____ Provided data
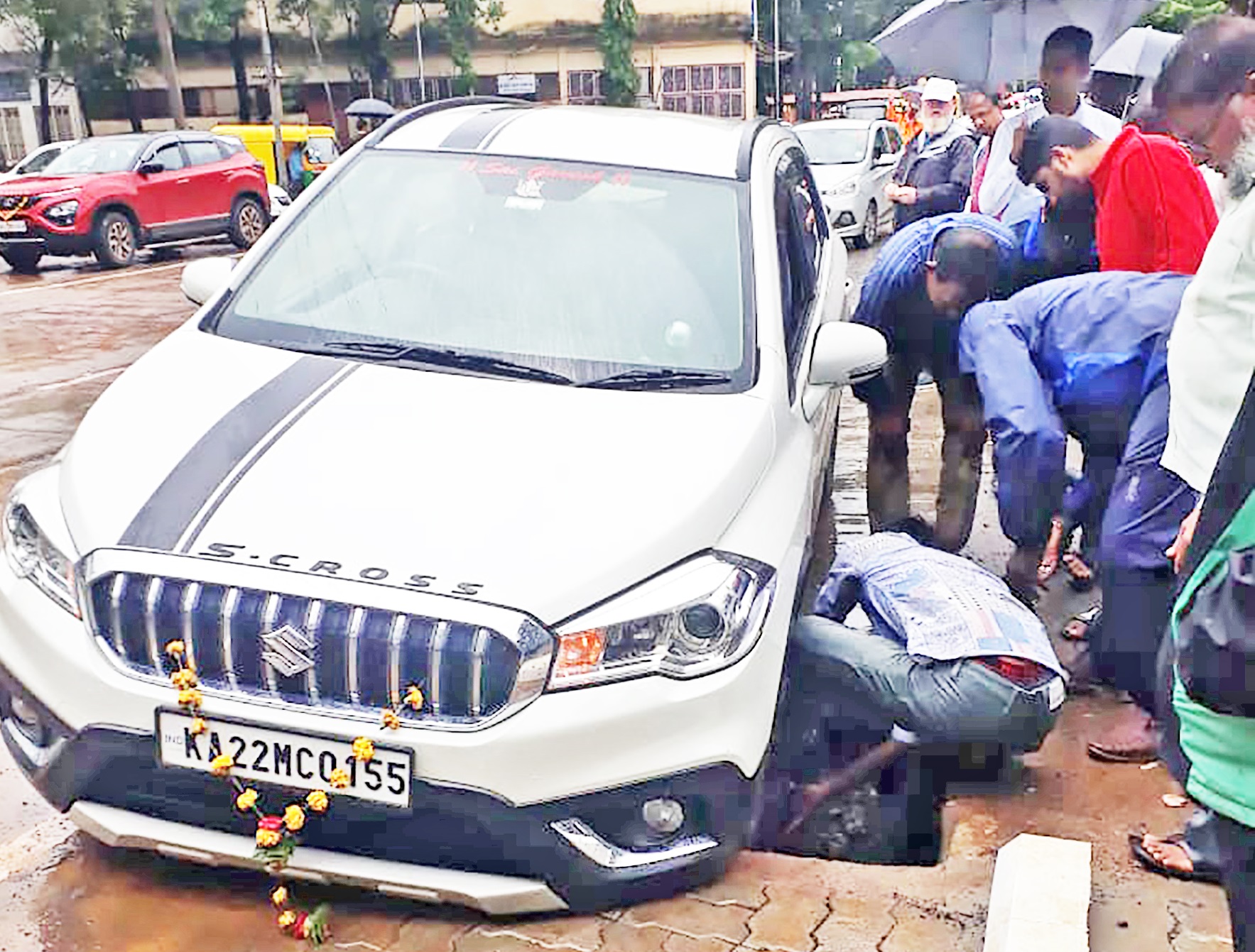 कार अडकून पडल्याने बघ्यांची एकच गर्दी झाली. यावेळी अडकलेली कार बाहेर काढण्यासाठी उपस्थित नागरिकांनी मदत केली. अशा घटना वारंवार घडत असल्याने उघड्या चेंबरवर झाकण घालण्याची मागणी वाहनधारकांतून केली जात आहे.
________
____ Provided data
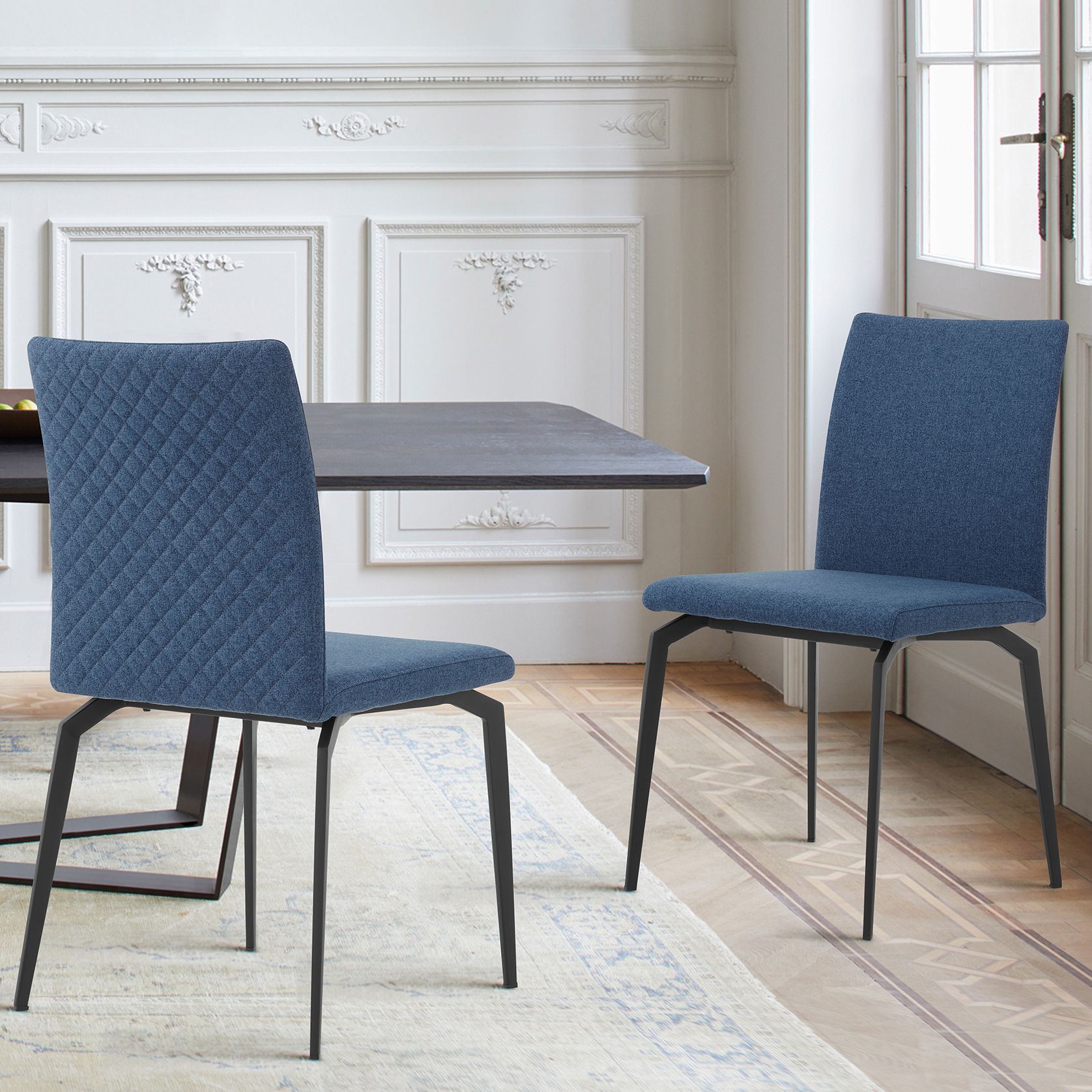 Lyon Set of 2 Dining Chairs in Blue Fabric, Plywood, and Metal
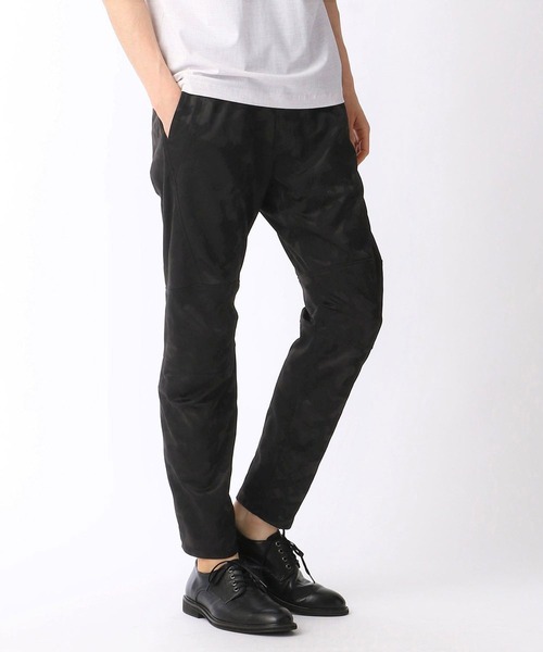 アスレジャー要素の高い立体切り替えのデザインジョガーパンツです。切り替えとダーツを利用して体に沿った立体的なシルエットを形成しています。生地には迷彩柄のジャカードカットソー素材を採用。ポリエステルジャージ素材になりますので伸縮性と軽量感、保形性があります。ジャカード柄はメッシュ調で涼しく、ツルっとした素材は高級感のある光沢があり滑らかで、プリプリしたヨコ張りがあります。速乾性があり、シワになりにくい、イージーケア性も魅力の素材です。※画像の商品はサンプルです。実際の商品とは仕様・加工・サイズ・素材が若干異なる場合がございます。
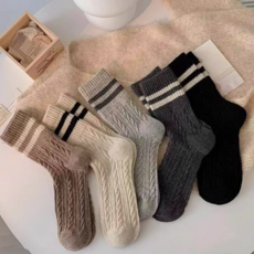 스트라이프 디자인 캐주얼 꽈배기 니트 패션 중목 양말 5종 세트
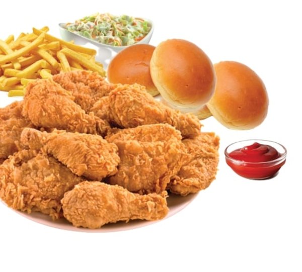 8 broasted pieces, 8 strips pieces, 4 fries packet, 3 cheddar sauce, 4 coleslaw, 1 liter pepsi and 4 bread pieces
________
### [What to do]
Of the lines above, quote exactly those from the one with "Lyon Set of" through the one with "8 broasted pieces, 8", ends included; pictures stay out.

### [Reply]
 Lyon Set of 2 Dining Chairs in Blue Fabric, Plywood, and Metal
 アスレジャー要素の高い立体切り替えのデザインジョガーパンツです。切り替えとダーツを利用して体に沿った立体的なシルエットを形成しています。生地には迷彩柄のジャカードカットソー素材を採用。ポリエステルジャージ素材になりますので伸縮性と軽量感、保形性があります。ジャカード柄はメッシュ調で涼しく、ツルっとした素材は高級感のある光沢があり滑らかで、プリプリしたヨコ張りがあります。速乾性があり、シワになりにくい、イージーケア性も魅力の素材です。※画像の商品はサンプルです。実際の商品とは仕様・加工・サイズ・素材が若干異なる場合がございます。
 스트라이프 디자인 캐주얼 꽈배기 니트 패션 중목 양말 5종 세트
 8 broasted pieces, 8 strips pieces, 4 fries packet, 3 cheddar sauce, 4 coleslaw, 1 liter pepsi and 4 bread pieces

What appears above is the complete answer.